Cardinal on Dogwood Journal
The following description appears on the inside cover of your journal.
Cardinal on Dogwood (Cardinalis cardinalis)
These birds are named for the cardinals of the Roman Catholic church with their bright red robes. With vivid red plumage and clear whistled songs, the cardinal is a backyard favorite. Cardinals add cheer to our winter landscape with their color as they often remain on their breeding territory year-round. Cardinals are residents in the eastern half of the U.S. and are currently expanding their range northward and into the southwest. They inhabit forests, shrublands, parks, suburbs and backyards. Cardinals usually build their nests in dense thickets. Their primary diet is fruits, seeds and insects. Cardinals are common visitors at winter feeding stations.

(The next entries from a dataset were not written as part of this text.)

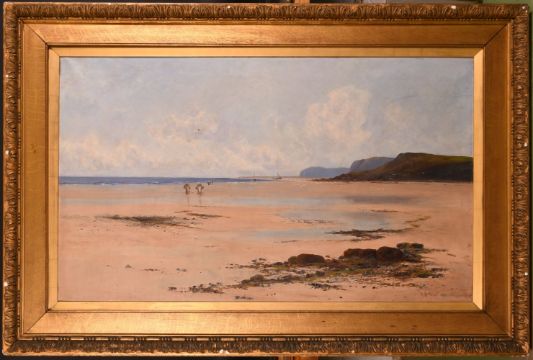 Joseph Vickers de Ville (1856-1925) British, figures on a sandy cove with fishing boats and rocky headland beyond, oil on canvas, signed and dated 1892, 30" x 50", in a Watts style frame.
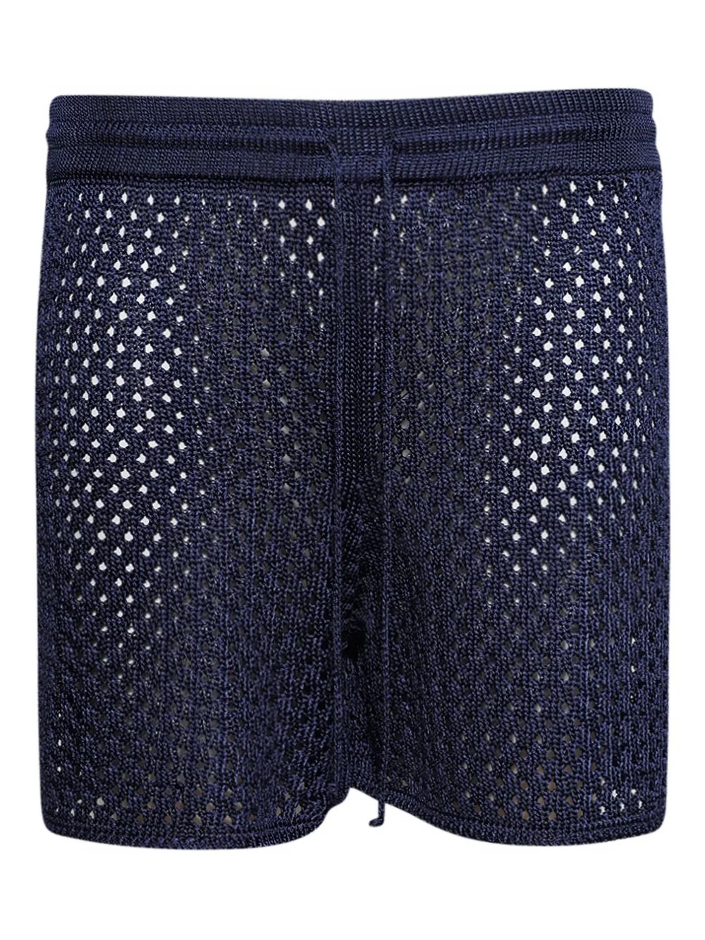 open-knit shorts Highlights - Navy blue - Open knit - Drawstring fastening - Ribbed waistband Imported Composition Viscose 100% Washing instructions Read Manufacturer Guidelines
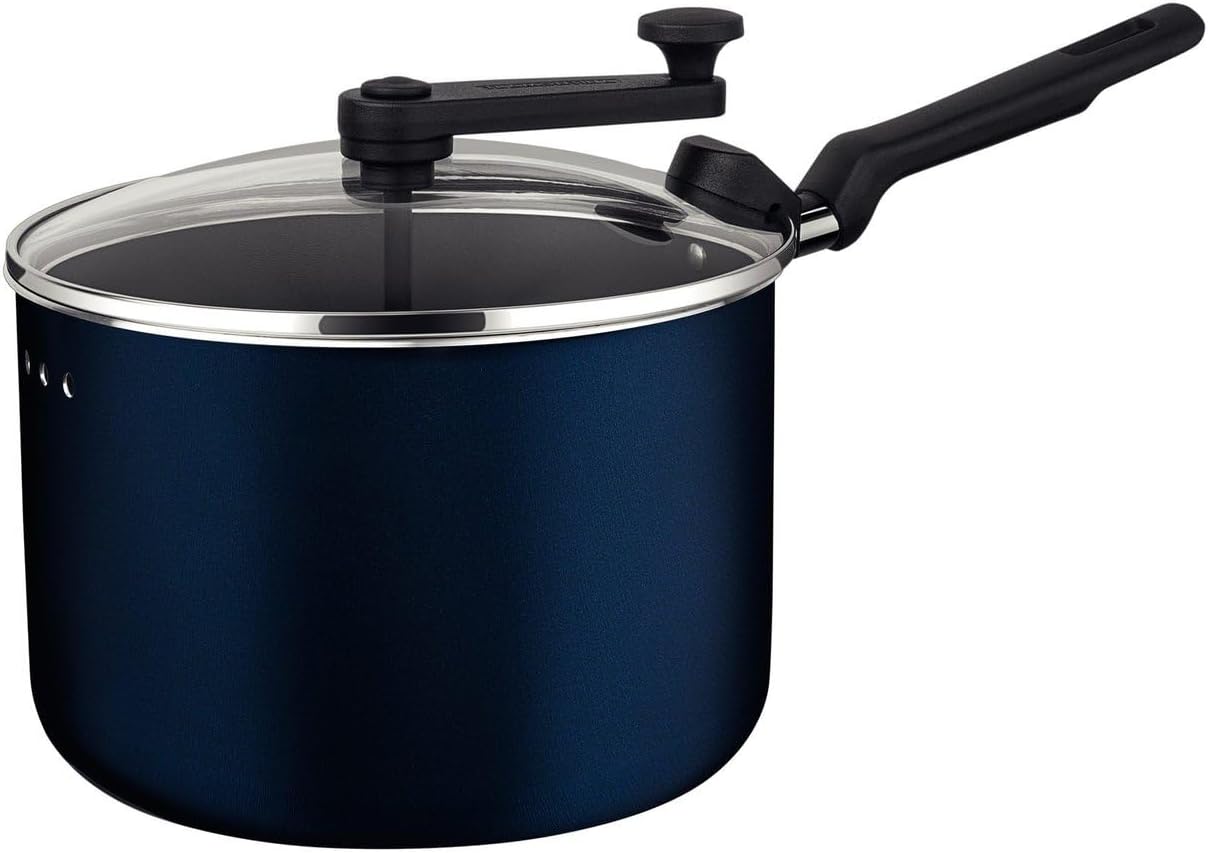 Corpo de alumínio com espessura de 1,6 mm que proporciona cozimento rápido e uniforme. Revestimento interno e externo de antiaderente Starflon Max que não gruda, é fácil de limpar, mais durável e não é prejudicial à saúde, pois é livre de PFOA. Tampa de vidro temperado com trava que se encaixa ao cabo: mais estabilidade no manuseio. Não gira durante o preparo. Trava antigiro. Cabo de baquelite antitérmico, manípulo e trava de nylon que oferecem segurança durante o manuseio.

Cardinals not only mate for life, they remain together for the whole year. The adult male is red overall with a black face and chin. His red crest can be raised and lowered at will. Females are grey-brown with a reddish tinge to her crest, wings and tail. Males are strongly territorial. Females build the nest alone with the male in close proximity exuberant in song. Both sexes have red bills and sing clear, slurred, whistled phrases that are repeated several times. Each individual has a vocabulary of several phrase types which it combines into different songs. One common song pattern resembles purdy, purdy, purdy…whoit, whoit, whoit.? Another one sounds like what-cheer, what-cheer…wheet, wheet, wheet, wheet.? The alternating songs heard in the spring are as likely to be from a courting pair as from rival males proclaiming territory.
Cardinals remind us to add color to our lives!